When a tumor manages to nestle itself in the brain of a living being, it has – from the tumor's perspective – done something particularly clever. It has hidden itself behind one of the most powerful barriers with which the body protects its most important organs: the blood-brain barrier, a highly selective filter that only allows certain substances to pass through. Most drugs are not among them, though. It is therefore a major challenge for biomedical research to find an effective chemotherapy for brain tumors.

In recent years, researchers have found a promising ally: nanotechnology. Materials in the nanoscale can, figuratively speaking, take on the role of postmen who deliver active ingredients to the right address. Since nanoparticles are unimaginably small – about 500 times smaller than the diameter of an average human hair – some manage to pass through the body's protective barriers without damaging them. To stick with the example of brain tumors, nanoparticles could transport chemotherapeutical drugs across the blood-brain barrier, where they can fight the brain tumor.

In search for the right nanomaterial

However, depending on the task they have to perform, nanoparticles must have very specific properties: Depending on their shape, material composition and size, they are distributed very differently in the body and accumulate in different organs. It is therefore important to find out which particles perform their task best and cause as little damage as possible.

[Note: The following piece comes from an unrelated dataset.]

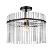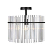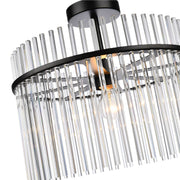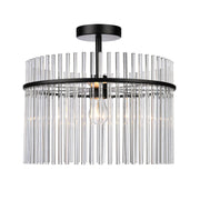 The Ava Collection pendant captivates with its refined allure, featuring glimmering circular glass rods gracefully suspended on a sleek black frame. Its versatile design allows it to shine as either a pendant or a semi-flushmount fixture, adapting effortlessly to your space. With its modern yet romantic aesthetic, it casts a soft, enchanting glow, elevating any room it adorns.

Until now, researchers have mainly used mouse models to answer these questions: They administered various types of nanomaterials to mice and then examined how these were distributed in the mouse body and what side effects they caused. However, these animal studies are not only complex, time-consuming and expensive, they also raise ethical issues. It is not without reason that Swiss animal welfare legislation requires the number of animal experiments carried out to be kept to the minimum necessary.

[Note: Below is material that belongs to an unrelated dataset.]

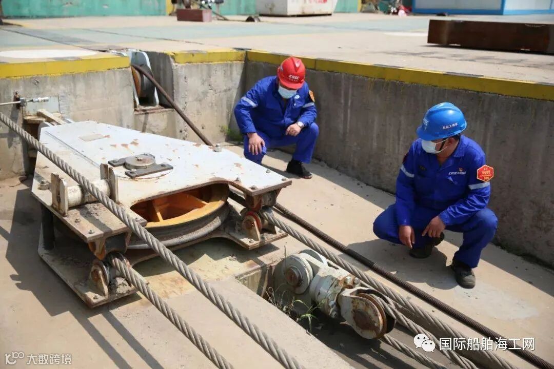 → 4月21日下午,下水前对滑道状态进行检查:

AI mouse with a decisive advantage

Empa researcher Jimeng Wu, a doctoral student in Empa’s «Nanomaterials in Health» and «Technology and Society» labs, has therefore developed a virtual mouse that uses AI to perform these tests in a much more time-efficient manner. Wu based this so-called physiologically based pharmacokinetic model (PBPK model) on 18 mouse studies: data from experiments conducted by various research teams on living mice. She also integrated a statistical method, Bayesian analysis with Markov chain Monte Carlo simulations, into her model.

The result is a virtual mouse that can be administered – also virtual – nanoparticles. The model then calculates their distribution in the mouse's body based on properties such as size, coating and surface charge. Compared to a traditional PBPK model, which is calibrated for a single substance at a time, Wu's AI mouse has a decisive advantage: ‘The model can adapt its parameters to the measurable properties of the respective nanoparticle,’ explains Jimeng Wu. The tool owes this ability to the multivariate linear regression model, a machine learning approach.

Contribution to Safe and Sustainable by Design

‘This AI-supported screening tool allows researchers to virtually test which type of nanoparticles are best suited for a specific task before they even manufacture these particles,’ explains Jimeng Wu. This not only saves time, but also costs, because it provides a decision-making aid before a costly clinical trial is started.

‘The model thus contributes to the concept of Safe and Sustainable by Design (SSbD),’ adds Peter Wick, who is supervising Jimeng Wu's doctoral thesis together with his colleague Bernd Nowack. This is because the virtual mouse increases the safety of new materials or therapies even before they are developed. However, he points out that the data set used to train the model is still very limited: So far, only 18 peer-reviewed papers with sufficient data quality have been found. ‘In many studies, the properties of the nanoparticles used are not described in adequate detail,’ he notes. The task now is to feed the virtual mouse with additional study data and verify it in order to further increase the reliability of the predictions. ' Our long-term goal is to shorten the process of developing nanomedicine materials all the way to their use as a drug in patients, while ideally being able to avoid animal testing‘, he emphasizes.

Adapting the model for human diseases

Jimeng Wu's future research will also focus on a so-called ‘bridge strategy’ to transfer the principle of her in silico model to human research. To this end, she plans to embed the principles of the virtual mouse in a human PBPK model. Unlike her simulated mouse, which only calculates the distribution of nanoparticles in the liver, kidneys, lungs and spleen, a human in silico model could also be used to study sensitive target organs – for example, to investigate the extent to which certain nanoparticles can cross the blood-brain barrier. Even the brain tumour mentioned at the beginning would no longer feel safe behind this barrier – nanoparticles could act as ‘postmen’ and deliver a package containing a targeted dose of chemotherapy.